### Requirement
In the answer, transcribe exactly the lines from the beginning of the material through the line holding "7月11日下午,湖北证券期货", and skip every picture.

### Data section
|---|

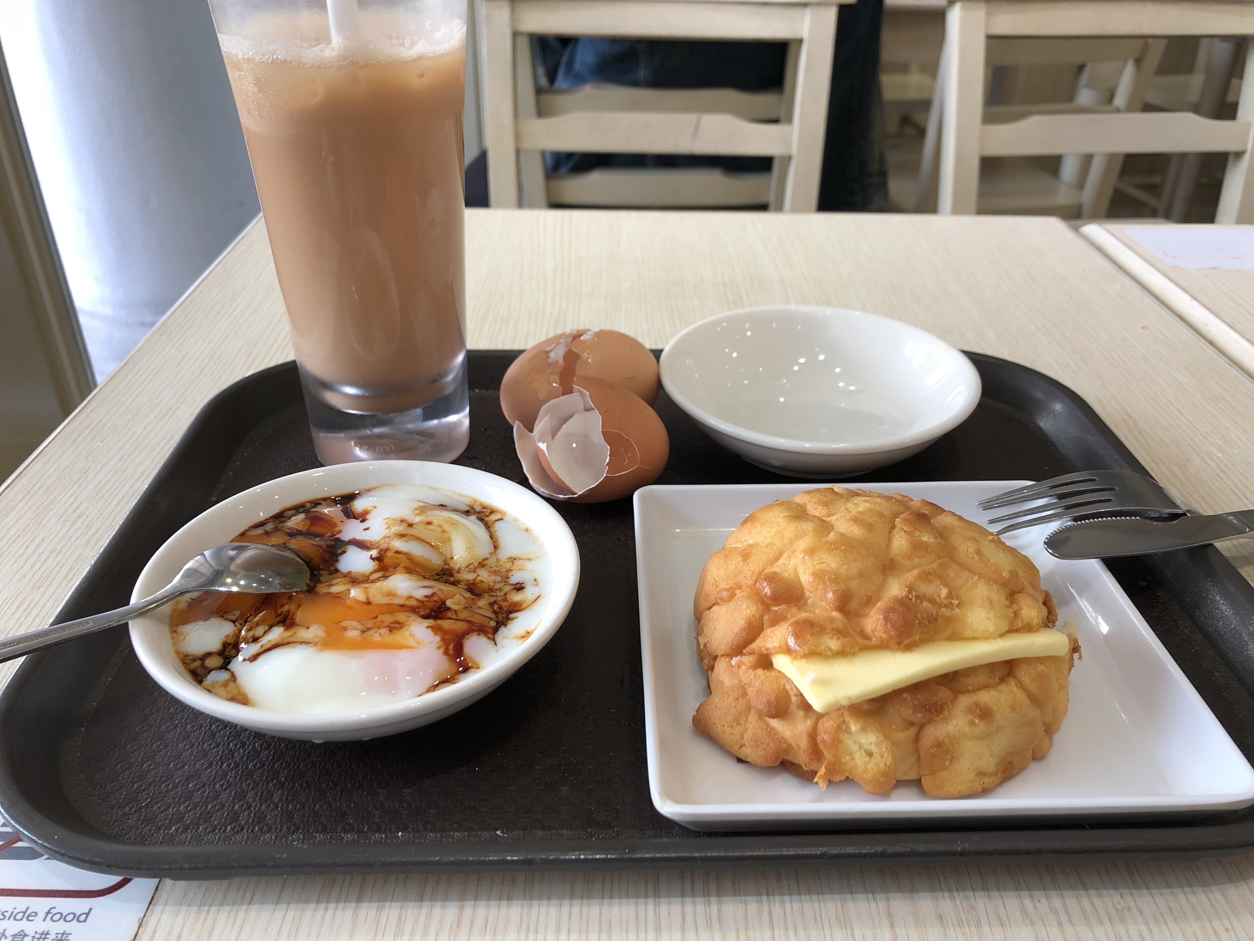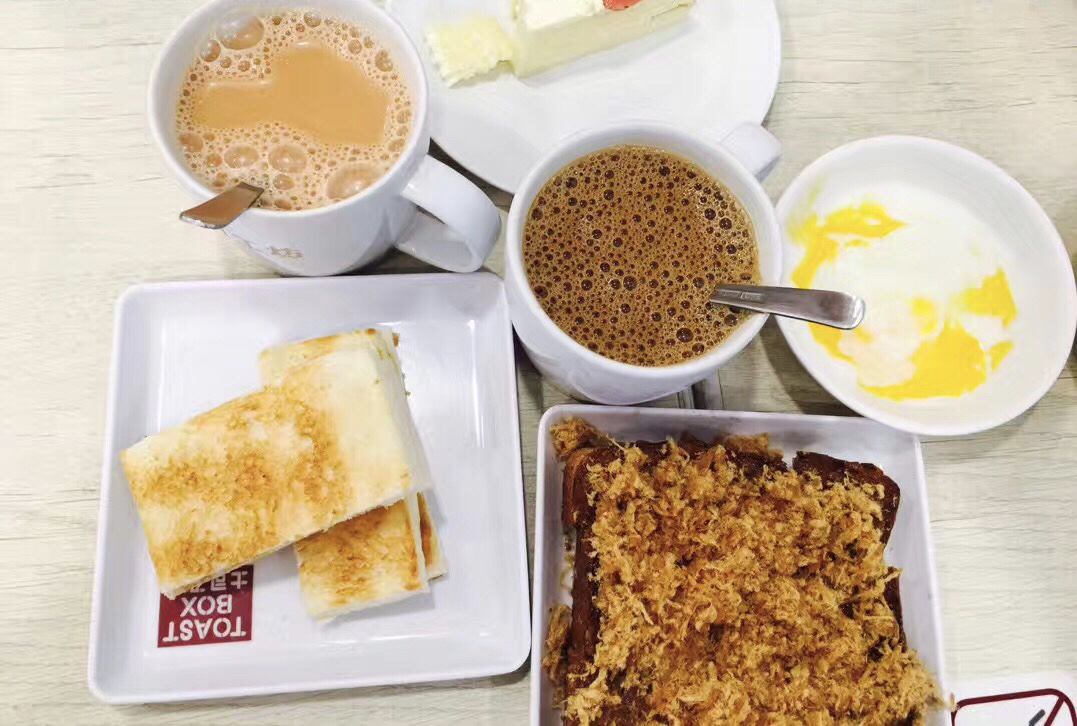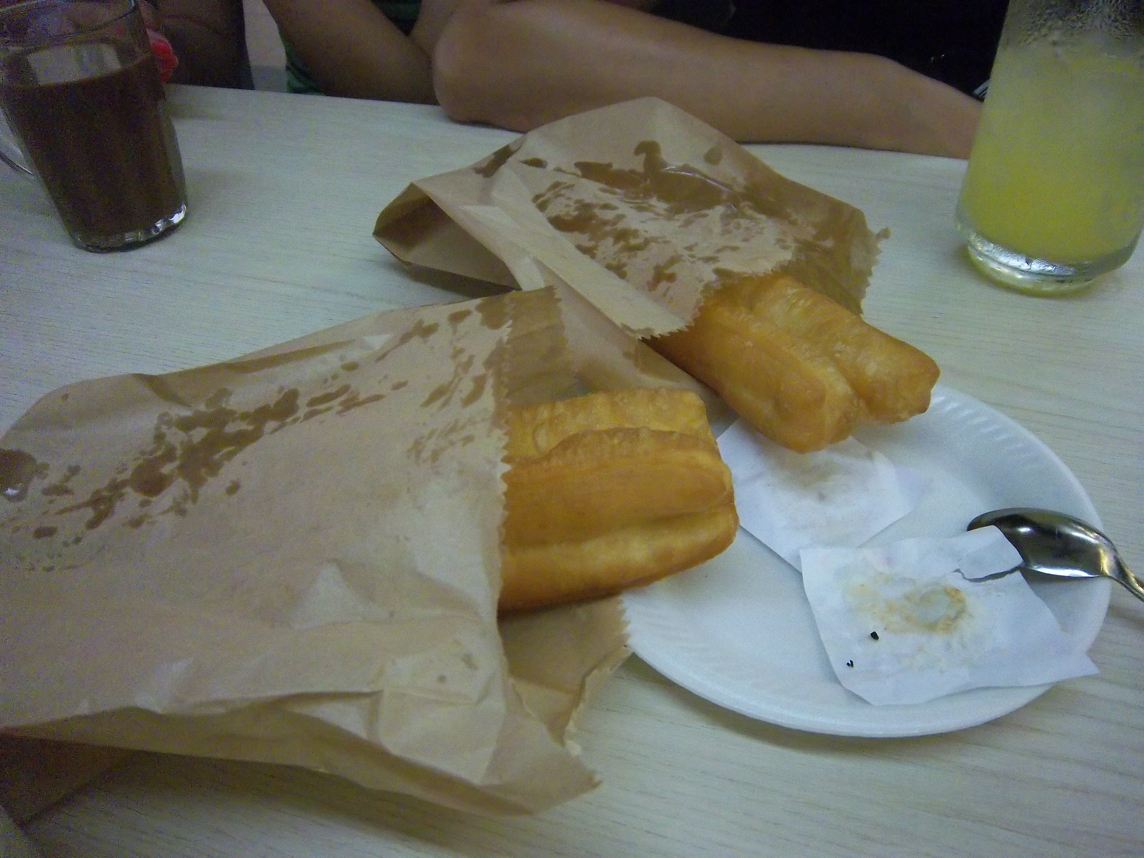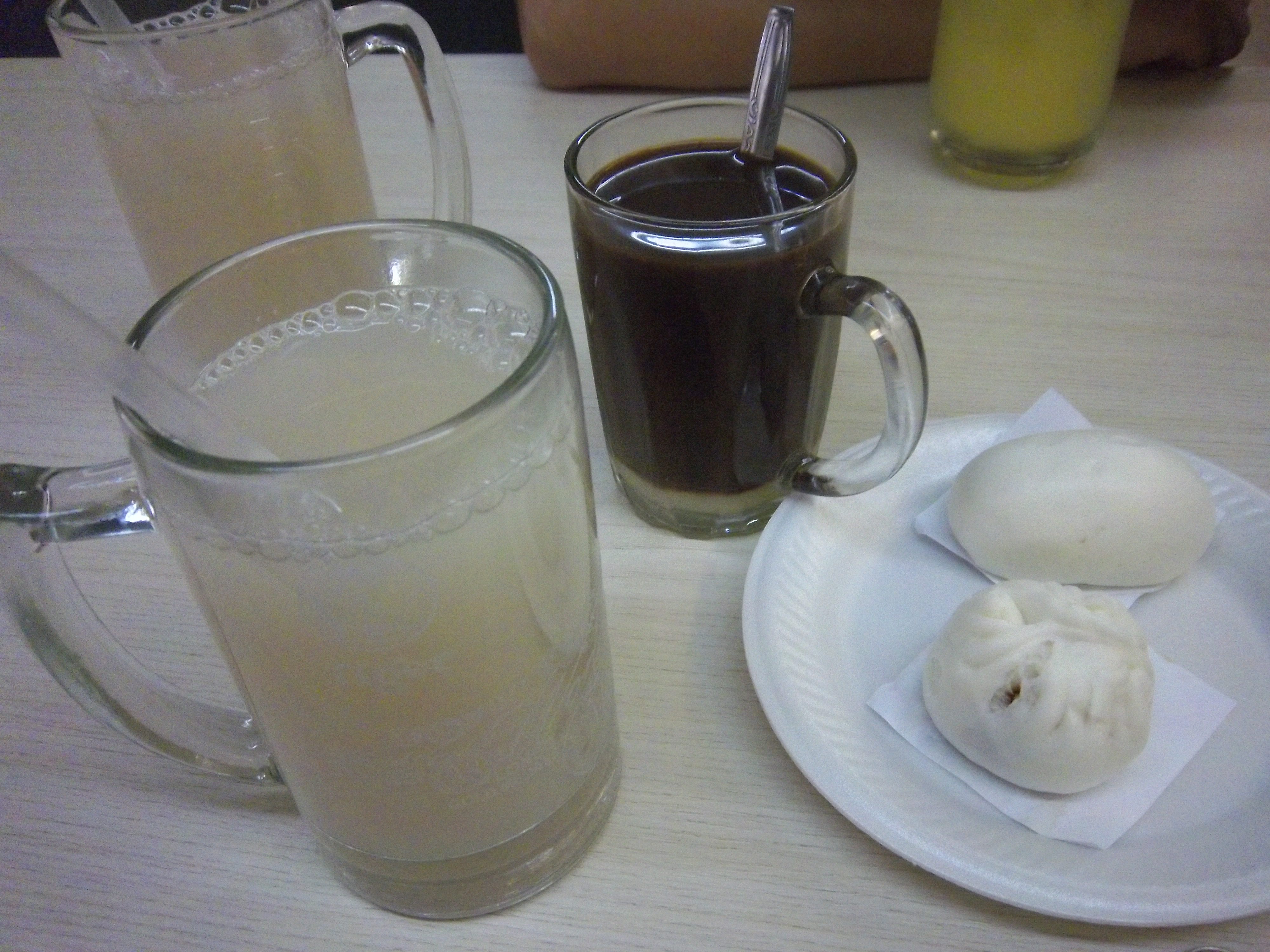 肉白色的是薏仁水,一般都是加冰的,不要冰的话要加一元新币,黑色的是咖啡加冰,黄色的是橙汁加冰。两个像包子一样的东西,一个是真的叉烧包,一个没有褶子的是豆沙包子。这俩包子都好小啊!基本上一口一个。买记错的话,水大概是3元新币一杯,包子和油条是3元两个。
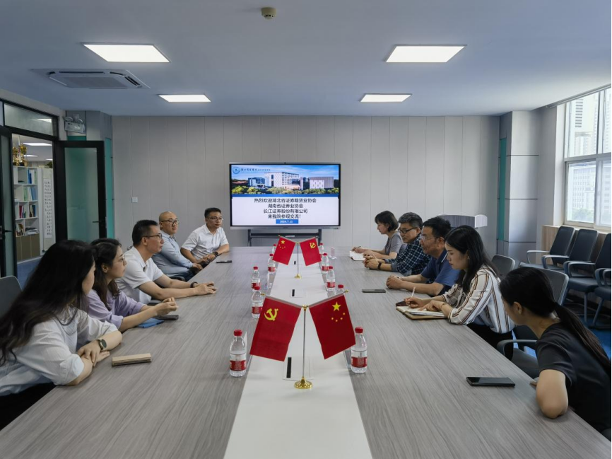 7月11日下午,湖北证券期货业协会秘书长李翎、湖南期货业协会刘丹岳、长江证券投教专员王凯一行来学院进行交流,并参观学校新金融智慧学习工场。学院经理严良、副经理孟静、陈红兵、金融教研室徐若瑜和张盼参加本次交流。
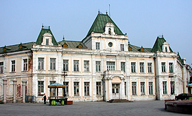 俄羅斯風情街は大連の勝利橋を渡ったところにある。俄羅斯は「おろしあ」のことである。東清鉄道を直接埠頭まで持って行くために小高くなっている岬状のところを掘り割りで通し、橋の所にダリーニ駅を作った。東清鉄道の技師長で、ダリーニ市長でもあったサハロフは、ドイツ人技師をともなって、パリに似た市街地と商港を設計した。そのため鉄道の掘り割りを境として、海側に行政市街、反対側をヨーロッパ市街として都市計画を行った。少し離れたところ(現在の大連駅の西側)に中国市街も計画された。中国人労働者も必要だったからである。

|---|

### Solution below
 肉白色的是薏仁水,一般都是加冰的,不要冰的话要加一元新币,黑色的是咖啡加冰,黄色的是橙汁加冰。两个像包子一样的东西,一个是真的叉烧包,一个没有褶子的是豆沙包子。这俩包子都好小啊!基本上一口一个。买记错的话,水大概是3元新币一杯,包子和油条是3元两个。
 7月11日下午,湖北证券期货业协会秘书长李翎、湖南期货业协会刘丹岳、长江证券投教专员王凯一行来学院进行交流,并参观学校新金融智慧学习工场。学院经理严良、副经理孟静、陈红兵、金融教研室徐若瑜和张盼参加本次交流。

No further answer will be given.